SOPS supports various encryption methods, such as using AWS KMS keys for encryption and sharing access through AWS IAM policies. For more encryption methods supported by SOPS, refer to my other blog.

For more details on using helm-secrets with SOPS, refer to the official doc here.

Example 2: helm-secrets With Cloud Secrets Managers

In the previous example, we discussed how to store sensitive information in an encrypted form within the values file. However, helm-secrets offers another mode that integrates with popular cloud secrets managers like Hashicorp Vault or AWS Secrets Manager.

To enable the integration with cloud secrets managers, you need to set the environment variable HELM_SECRETS_BACKEND=vals before running Helm. This will activate the vals integration in helm-secrets:

export HELM_SECRETS_BACKEND=vals

Vals is a tool specifically designed for managing secret values in Helm. It requires cloud provider credentials to fetch secrets from the secret services. Make sure you have the necessary credentials in place before attempting to use them.

Let's assume you have a file called secrets.yaml located at your-chart/templates/secrets.yaml. Here's an example of its content:

apiVersion: v1
kind: Secret
metadata:
  name: helloworld
  labels:
    app: helloworld
    chart: "{{ .Chart.Name }}-{{ .Chart.Version }}"
    release: "{{ .Release.Name }}"
    heritage: "{{ .Release.Service }}"
type: Opaque
data:
  password: '{{ .Values.password | b64enc }}'

In your values.yaml file, you can include the following snippet:

password: ref+awssecrets://path/to/my/secret/value

Finally, you can install everything together using the following command:

helm secrets install release-name -f values.yaml your-chart

This command will inject the secret value from AWS Secrets Manager, located at "path/to/my/secret/value", into the variable "password" defined in the values file.

Simplifying Continuous Deployment Integration With helm-secrets

If you're already using SOPS, then helm-secrets is a great choice for seamless integration. It also offers cloud integrations if you prefer not to store encrypted data in values files.

While helm-secrets can be integrated with major CD tools like Argo CD, there is some operational overhead involved. This is because both SOPS and the helm-secrets plugin are required by the CD tool, as shown in the previous examples.

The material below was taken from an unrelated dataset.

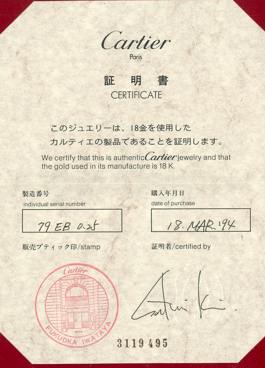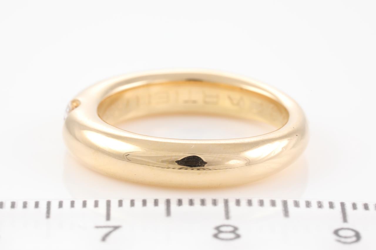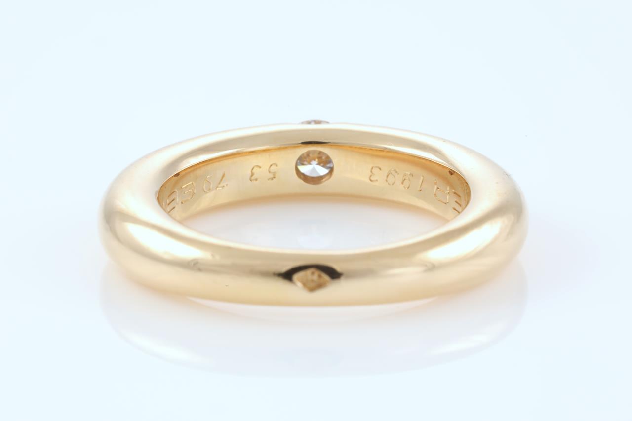 Cartier ring with a round Diamond of 0.25ct (Estimated grading: F-G VS). 18ct yellow gold. Cartier stamped size 53, ring size M1/2 - ring resizing is not recommended. Weight: 9.9g. With Cartier certificate dated 18/03/1994 and Cartier box. (Pre-owned)

For instance, to integrate Argo CD with helm-secrets, you need to ensure that the Argo CD server container has both SOPS and helm-secrets. This can be achieved by building a customized Docker image; more details can be found here.

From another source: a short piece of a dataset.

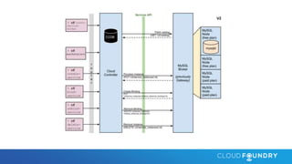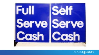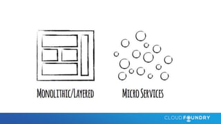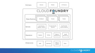 This document discusses key aspects of cloud native applications and platforms. It notes there is consensus around cloud native traits like containers, microservices, platform independence, and automation. Cloud Foundry is presented as a platform that can deploy and manage cloud native applications by providing automated scaling, routing, service integration, and other capabilities through declarative configuration. The platform handles tasks like detecting application frameworks, linking to services, self-service deployment, routing, versioning, upgrades, scaling, and more through simple commands. This allows developers to focus on their code while the platform manages the complex runtime environment.

Another option is to install SOPS or vals and helm-secret through an init container on the argocd-repo-server Deployment. This requires changing the initContainers args. More details can be found here.

However, both options have their drawbacks. Customizing the Docker image means maintaining an additional image while customizing initContainers commands results in a more complex values file for Argo CD, which can be challenging to maintain.

Is there a better or alternative way to manage Helm secrets? Let's continue exploring.

External Secrets Operator

A Quick Introduction to External Secrets Operator

The External Secrets Operator is a K8s operator that facilitates the integration of external secret management systems, such as AWS Secrets Manager, HashiCorp Vault, Google Secrets Manager, and Azure Key Vault, with K8s.

Simply put, this operator automatically retrieves secrets from these secrets managers using external APIs and injects them into Kubernetes Secrets.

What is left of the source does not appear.